* THE RECORDS
###
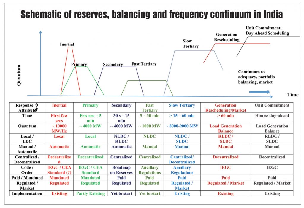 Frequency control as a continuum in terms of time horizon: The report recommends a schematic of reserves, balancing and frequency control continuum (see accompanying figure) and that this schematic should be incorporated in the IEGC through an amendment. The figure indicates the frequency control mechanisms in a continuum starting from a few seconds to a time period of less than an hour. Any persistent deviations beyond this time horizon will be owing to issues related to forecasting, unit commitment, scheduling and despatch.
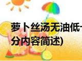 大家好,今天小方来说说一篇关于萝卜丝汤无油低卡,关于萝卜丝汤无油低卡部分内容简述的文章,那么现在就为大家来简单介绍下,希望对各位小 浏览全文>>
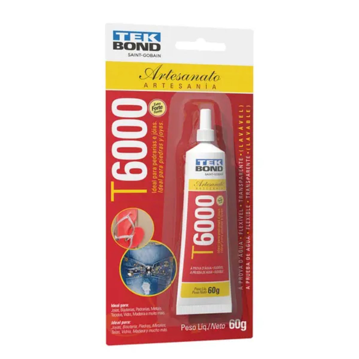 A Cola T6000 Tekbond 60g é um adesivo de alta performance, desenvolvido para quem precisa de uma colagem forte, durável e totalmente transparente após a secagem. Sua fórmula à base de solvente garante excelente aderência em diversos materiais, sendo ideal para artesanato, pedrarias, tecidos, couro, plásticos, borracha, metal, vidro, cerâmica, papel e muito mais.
###
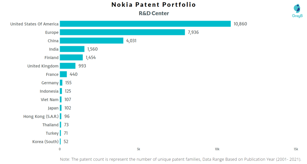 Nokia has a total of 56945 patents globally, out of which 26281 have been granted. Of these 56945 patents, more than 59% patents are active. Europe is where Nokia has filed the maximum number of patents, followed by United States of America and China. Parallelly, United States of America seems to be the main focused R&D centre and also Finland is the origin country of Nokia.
###
* REQUIRED WORK
In the listing above, find the line containing "Frequency control as" and the line containing "A Cola T6000". Reproduce those lines and all between them exactly, with no pictures and nothing more.

* RESPONSE AREA
 Frequency control as a continuum in terms of time horizon: The report recommends a schematic of reserves, balancing and frequency control continuum (see accompanying figure) and that this schematic should be incorporated in the IEGC through an amendment. The figure indicates the frequency control mechanisms in a continuum starting from a few seconds to a time period of less than an hour. Any persistent deviations beyond this time horizon will be owing to issues related to forecasting, unit commitment, scheduling and despatch.
 大家好,今天小方来说说一篇关于萝卜丝汤无油低卡,关于萝卜丝汤无油低卡部分内容简述的文章,那么现在就为大家来简单介绍下,希望对各位小 浏览全文>>
 A Cola T6000 Tekbond 60g é um adesivo de alta performance, desenvolvido para quem precisa de uma colagem forte, durável e totalmente transparente após a secagem. Sua fórmula à base de solvente garante excelente aderência em diversos materiais, sendo ideal para artesanato, pedrarias, tecidos, couro, plásticos, borracha, metal, vidro, cerâmica, papel e muito mais.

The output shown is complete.